● **Exercise requirements**: Only the pictures are to be dropped, and the rest of the data should be copied exactly.

● **Provided data**:
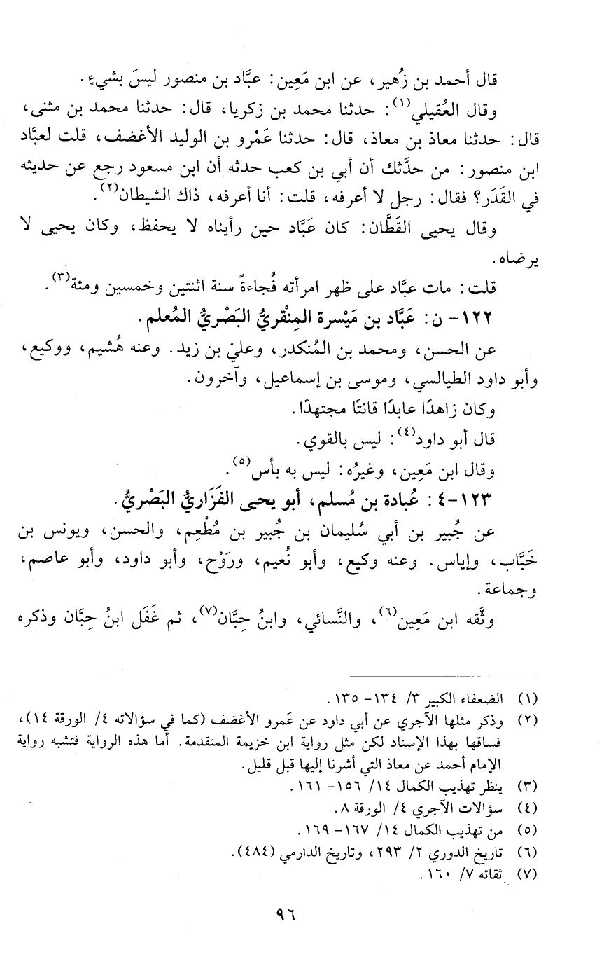 123 - 4: عُبادة بْن مُسلم، أَبُو يحيى الفزاريُّ البَصْريُّ. [الوفاة: 151 - 160 ه]
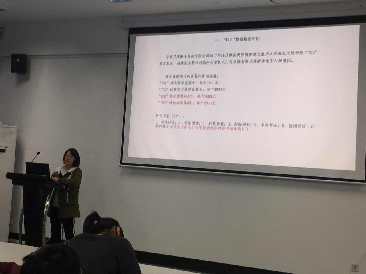随后发言的是学生科孙双老师。孙双老师的发言总结了上学期各班的考试通过率、科研竞赛成果。她同时就TSE奖学金设置以及评比方法,学院和班级学习标兵评选、学校优良学风班级立项进行了详细讲解。她在最后对科技之光活动月闭幕式暨年度颁奖典礼做了具体部署。最后发言的是徐沁怡老师。她首先补充了早晚自习请假制度。然后她强调了开学以来学院学风检查情况。
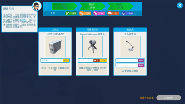 11、在配置阶段,你必须配置用于录制视频的网络摄像机和麦克风。工作站有一定量的渲染点,渲染点的数量取决于工作站的配件。大多数高级设置可以提高视频质量,但会消耗渲染点。

● **The answer**:
 123 - 4: عُبادة بْن مُسلم، أَبُو يحيى الفزاريُّ البَصْريُّ. [الوفاة: 151 - 160 ه]
随后发言的是学生科孙双老师。孙双老师的发言总结了上学期各班的考试通过率、科研竞赛成果。她同时就TSE奖学金设置以及评比方法,学院和班级学习标兵评选、学校优良学风班级立项进行了详细讲解。她在最后对科技之光活动月闭幕式暨年度颁奖典礼做了具体部署。最后发言的是徐沁怡老师。她首先补充了早晚自习请假制度。然后她强调了开学以来学院学风检查情况。
 11、在配置阶段,你必须配置用于录制视频的网络摄像机和麦克风。工作站有一定量的渲染点,渲染点的数量取决于工作站的配件。大多数高级设置可以提高视频质量,但会消耗渲染点。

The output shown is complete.